Interpreting A/B Test Reports
Begin by scrutinizing the A/B test outcomes to determine if a winner has been announced. Typically, a winner is declared if the following criteria are fulfilled:
- A variation scores above 95% in Probability to Be Best (though this threshold may be adjustable in certain platforms via the winner significance level setting).
- The minimum duration for the test has been met. This ensures results are not distorted by seasonal effects.
Analysis of Secondary Metrics
While the primary metric is the basis for declaring test winners, carefully consider secondary metrics. We recommend examining these secondary metrics before finalizing the experiment and applying the winning variation universally for a couple of reasons:
- To prevent errors (for example, if your primary metric is CTR, the winning variation could decrease purchases, revenue, or AOV).
- To uncover interesting insights (for instance, a decrease in purchases per user but an increase in AOV, indicating that the variation caused users to buy less but more expensive products, ultimately yielding more revenue).
For each secondary metric, consider the uplift and Probability to Be Best scores to evaluate the performance of each variation.
Audience Breakdown Analysis
Another effective method for deeper analysis involves segmenting results by audience.
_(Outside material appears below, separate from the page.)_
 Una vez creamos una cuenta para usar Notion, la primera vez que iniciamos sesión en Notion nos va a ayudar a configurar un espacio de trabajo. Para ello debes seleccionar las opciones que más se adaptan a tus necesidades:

This can answer questions like:
- How did traffic from different sources respond to the test?
- Which variation won for mobile users versus desktop users?
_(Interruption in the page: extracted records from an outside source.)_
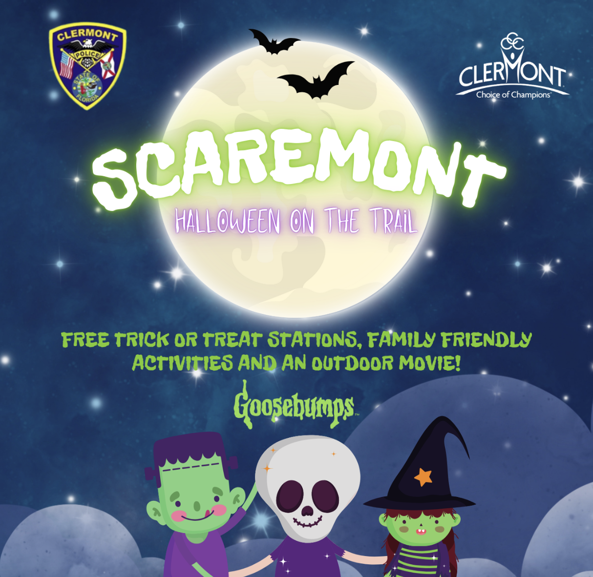 Join Clermont Police Department and the City of Clermont for a "scary" good time at Scaremont - Halloween on the Trail. This free event will have Clermont Police Department along with participating organizations offering trick or treat stations, as well as a Creepy Clermont Costume Contest, Halloween-themed activities, and a showing of the movie Goosebumps starting at 7:15 PM.
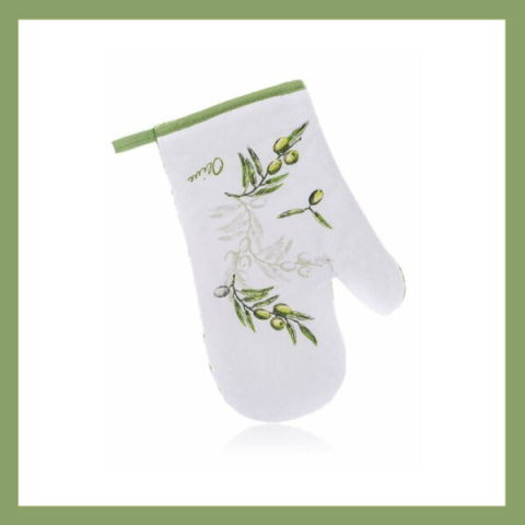 Pamut konyhai kesztyű OLIVES dekorációval. A kesztyű nélkülözhetetlen kellékké vált a sütésben és a főzésben. Ezért nem hiányozhatnak egyetlen konyhából sem. Mérete: 27 x 17 cm.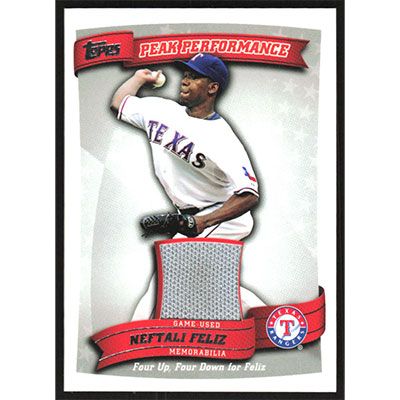 This is a 2010 Topps Peak Performance Relics Neftali Feliz Jersey baseball card. The card is #PPR-NF and pictures show condition.

- Which variation was most effective for new users?
Choose audiences that are relevant to your business and likely to exhibit different behaviors and intent signals. Again, for each audience, review the uplift and Probability to Be Best scores to evaluate each variation's performance.
Understanding the Winners in Losing A/B Tests
Conversion Rate Optimization (CRO) and A/B testing have long been relied on for significant uplifts in conversion and revenue, identifying the best variations for site visitors. However, as personalization becomes more fundamental to customer experience, experiments that disregard the unique conditions of individual audiences may yield inconclusive results, and statistical significance becomes more challenging to achieve.
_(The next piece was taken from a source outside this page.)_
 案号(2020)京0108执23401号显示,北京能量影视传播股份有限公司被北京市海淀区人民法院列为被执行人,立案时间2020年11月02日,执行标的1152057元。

In today's world of personalization, where one-to-one interactions surpass a one-to-many approach, "average users" can't represent "all visitors." This implies that traditional ways of uncovering and delivering the best experiences, even with best practices around sample size creation, hypothesis development, and KPI optimization, may fall short.
Rather than merely accepting test results and deploying variations expected to optimize overall user experience, marketers need to understand that such an approach could compromise the experience for another portion of visitors. A segment of visitors will always find the winning variation suboptimal. Only by acknowledging this flaw can we realize that losing A/B tests may end up as winners, and that overlooked opportunities may bear the most fruit in a personalized way of thinking.
The provided examples underline the importance of analyzing the impact of test actions on different audience groups when running experiments. Thorough analysis of results for different segments can unveil deeper optimization opportunities, even for tests that fail to produce uplifts for the "average user" (who, in reality, doesn't exist).
While a quick analysis will suffice for some of these scenarios, the complexity of analysis grows with the increase in the number of tests, variations, and segments, making it a data-heavy task. With busy testing schedules and ever-shifting priorities, finding the time for thorough analysis can be a challenge.
Given these complexities, it's clear that simply accepting results at face value and unnecessarily discarding treatments can no longer be the norm.